Psitteuteles is commonly recognised to include three species of smaller lory: the varied lorikeet P. versicolor, the iris lorikeet P. iris and Goldie's lorikeet P. goldiei. In general, these are primarily green species with a red forehead and with varying amounts of blue across the back of the head and/or behind the eyes. The plumage is longitudinally streaked in the varied lorikeet and Goldie's lorikeet. Goldie's lorikeet has mauve cheeks whereas those of the varied lorikeet are partially yellow. The varied lorikeet is also mauve across the upper breast whereas the other two species are more evenly green. All three species are separated geographically: the varied lorikeet is widespread in northern Australia, Goldie's lorikeet is found in New Guinea and the iris lorikeet is found on the islands of Timor and Wetar in Indonesia. The varied lorikeet is particularly common in association with paperbarks and eucalypts around streams and waterholes, migrating as required to find trees in flower. Similar wandering habits are characteristic of Goldie's lorikeet which is mostly found in montane forest. The more sedentary iris lorikeet is mostly found in lowland monsoon forest. The varied and Goldie's lorikeets are not currently regarded as being of conservation concern but the iris lorikeet is more threatened by habitat loss and collection for the pet trade.

Iris lorikeet Psitteuteles iris, copyright Dick Daniels.

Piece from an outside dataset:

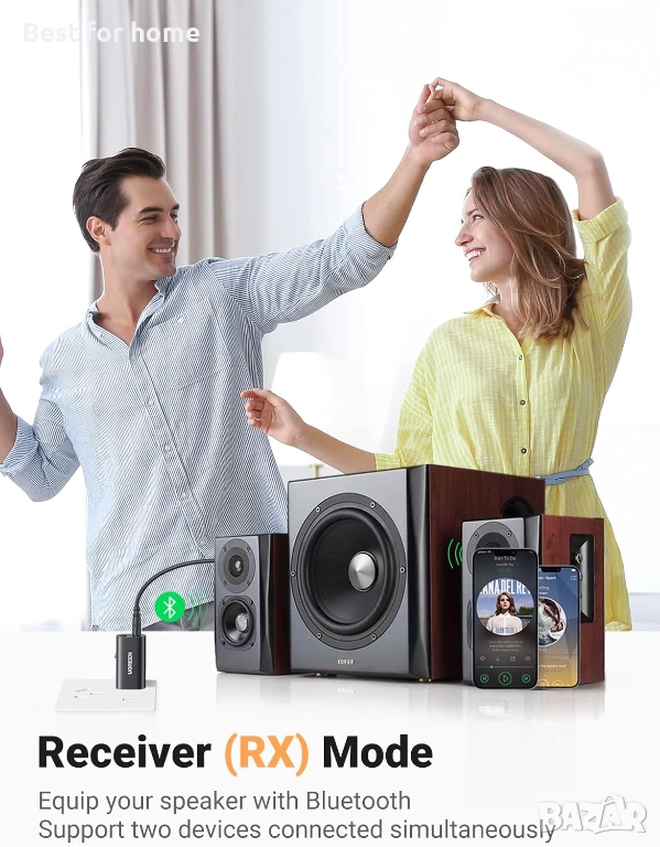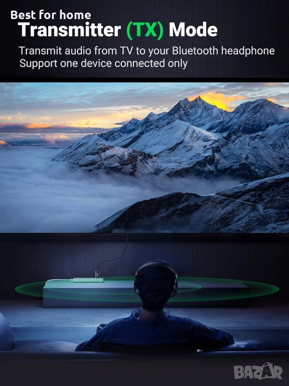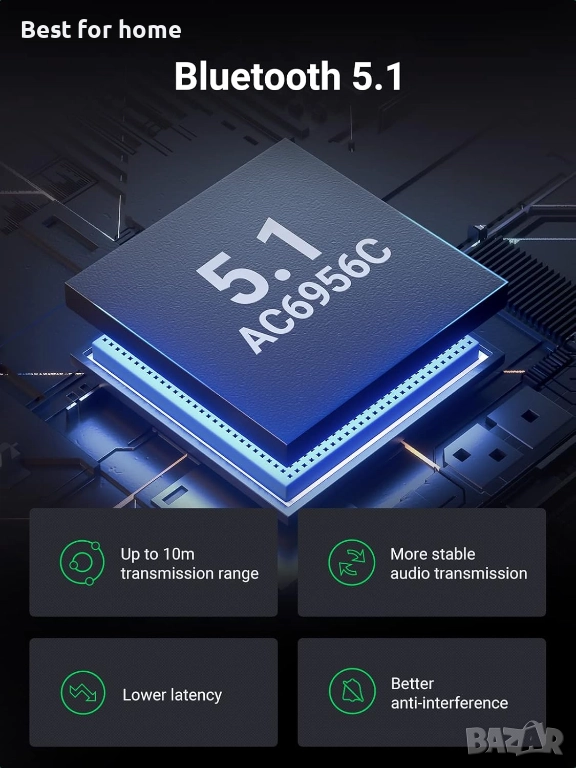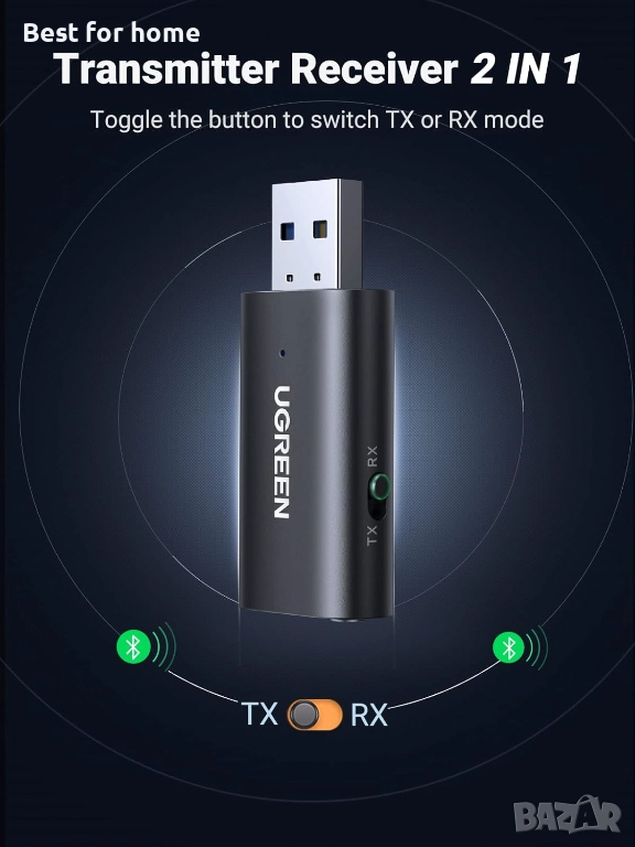 【Насладете се на безжична свобода】UGREEN Bluetooth 5.1 аудио трансивърът може лесно да добави Bluetooth функция към вашия телевизор/компютър/кола, да установи безжична връзка и да предава аудио между вашия компютър/телевизор/кола и Bluetooth високоговорители/слушалки/телефон. Насладете се на безжична музика свободно в перфектно синхронизирано висококачествено звуково удоволствие.

Not all authors have recognised Psitteuteles as a distinct group: some have included its species in the related genus Trichoglossus with the rainbow and scaly-breasted lorikeets. Recent phylogenetic studies suggest that suspicion of Psitteuteles' status may not be unwarranted. Molecular studies by Schweizer et al. (2015) and Provost et al. (2018) both fail to identify the three Psitteuteles species as forming a single clade. Instead, P. iris is placed close to Trichoglossus species whereas P. versicolor and P. goldiei are both placed outside a clade including Trichoglossus and related genera such as Eos, the red lories, and the musk lorikeet Glossopsitta concinna. A case could probably be made for restricting Psitteuteles to the varied lorikeet as type species while including the iris lorikeet in Trichoglossus. The fate of P. goldiei is more uncertain: though neither of the aforementioned studies identified P. versicolor and P. goldiei as sister species, it might be too early to exclude the possibility. Alternatively, should P. goldiei prove too phylogenetically isolated to include in any pre-existing genus, I am not aware of any available genus name for it. As seems to be one of my standard sign-offs on this site, further study is required.

REFERENCES

Provost, K. L., L. Joseph & B. T. Smith. 2018. Resolving a phylogenetic hypothesis for parrots: implications from systematics to conservation. Emu 118 (1): 7–21.

Schweizer, M., T. F. Wright, J. V. Peñalba, E. E. Schirtzinger & L. Joseph. 2015. Molecular phylogenetics suggests a New Guinean origin and frequent episodes of founder-event speciation in the nectarivorous lories and lorikeets (Aves: Psittaciformes). Molecular Phylogenetics and Evolution 90: 34–48.

The Rosy Birds

Violet-necked lories Eos squamata, copyright Niels Poul Dreyer.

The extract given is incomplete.